Maria Werlau, a former vice president at Manhattan Chase Bank and
founder of the Free Society Project, a nonprofit, has researched the
finances of Cuba’s health system and its services-export industry. The
Cuban government, she says, did well for itself by sending doctors to
“It’s brilliant,” Werlau says. “They get money from it. They get
attention. They make the impression that Cuba is a medical power,” and
as a result, the government will get a lot of future contracts to send
medical and other professionals “in servitude conditions” to many other
countries as well.
According to Gregory Hartl, a WHO spokesman, each doctor working in
Western Africa in the fight against Ebola receives from the organization
a per diem grant of $200 to $240 a day, depending on the location of
service. He said that the money is deposited in a local bank in Africa
so that it can be withdrawn by each physician upon presentation of a
WHO-supplied approval slip.
A former health professional who still lives in Cuba and asked to remain
anonymous said that she recently saw a contract that is typically
presented to doctors on their way to the Ebola zone.
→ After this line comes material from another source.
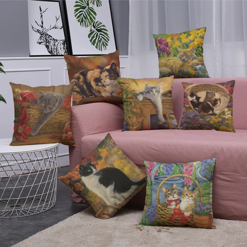 Милая наволочка с изображением кота из полиэстера и льна односторонняя печать подставка для ног для дивана офисная наволочка 45х45см

In it, she said, a
doctor is promised $1,500 a month while working in Africa, and an
additional $1,500 to be deposited in a Cuban bank account, where it can
be withdrawn upon return and evaluation of the work.
It is not clear whether that money comes from the per diem from the
WHO—and is distributed by Cuban officials who collect it on behalf of
the doctors in Africa—or is separate from the WHO money.
Cuban doctors are “sent by their government, so we do not know how that
money is distributed,” said a U.N. official familiar with the
international efforts in Africa, who spoke on condition of anonymity, as
he was not authorized to discuss the matter with the press.
“So what,” said another U.N. official said. “It’s just like U.N.
peacekeepers. Their governments send conscripts, and they get paid for
each soldier. But the troops get very little of the proceeds. Developing
countries use the U.N. as a source of national income.”
Attempts to reach by phone the spokesman for the Cuban mission to the
U.N. were unsuccessful, and he declined to answer an emailed question
about the distribution of WHO funds. But as Cuba’s exportation of
doctors and other professionals grows, there has been some pushback.
Ramona Matos Rodriguez, a Cuban doctor who was sent to Brazil, defected
last summer and sued the Cuban government for damages. She said in a
deposition that the government presented her with a contract promising a
salary of $400 a month, with an additional $600 that would be deposited
in a Cuban bank on the island, to be withdrawn by her later.
When she arrived in Brazil, however, Matos Rodrigues discovered that
Brasilia pays an average of $4,200 a month for each of the 11,000 Cuban
doctors working in Brazil. That arrangement leaves most of the money
Brazil allocates for the doctors in the hands of the Cuban government.
The case became contentious, as the government defended the importation
of thousands of Cuban doctors to serve in remote areas where “Austrian
doctors, for example, wouldn’t work,” said then foreign minister Antonio
Patriota. But a Brazilian union, the National Federation of Physicians,
said in a statement that the arrangement resembles “slave labor,”
serving no one but the Cuban government.
And this month Brazil’s federal prosecutor Luciana Loureiro Oliveira
said that paying Cuban doctors a mere quarter of what the Cuban
government collects for them is “downright illegal” under Brazilian law.
Cuban blogger Orlando Luis Pardo Lazo, who is a student at Brown
University in the United States, says he believes the exportation of
medical staff is having a detrimental effect on Cuba’s own health care
system. Lazo says last year he had to tend to his ailing mother back in
Cuba. “Every time I went to a hospital in the middle of the night, I
found Venezuelan doctors, Bolivian doctors, students from Latin
America,” Lazo said. “Where are the Cuban doctors?”
He added, “I’m not trying to make politics out of this. I would just
like Cuba to help Cubans [and others] in a better way.”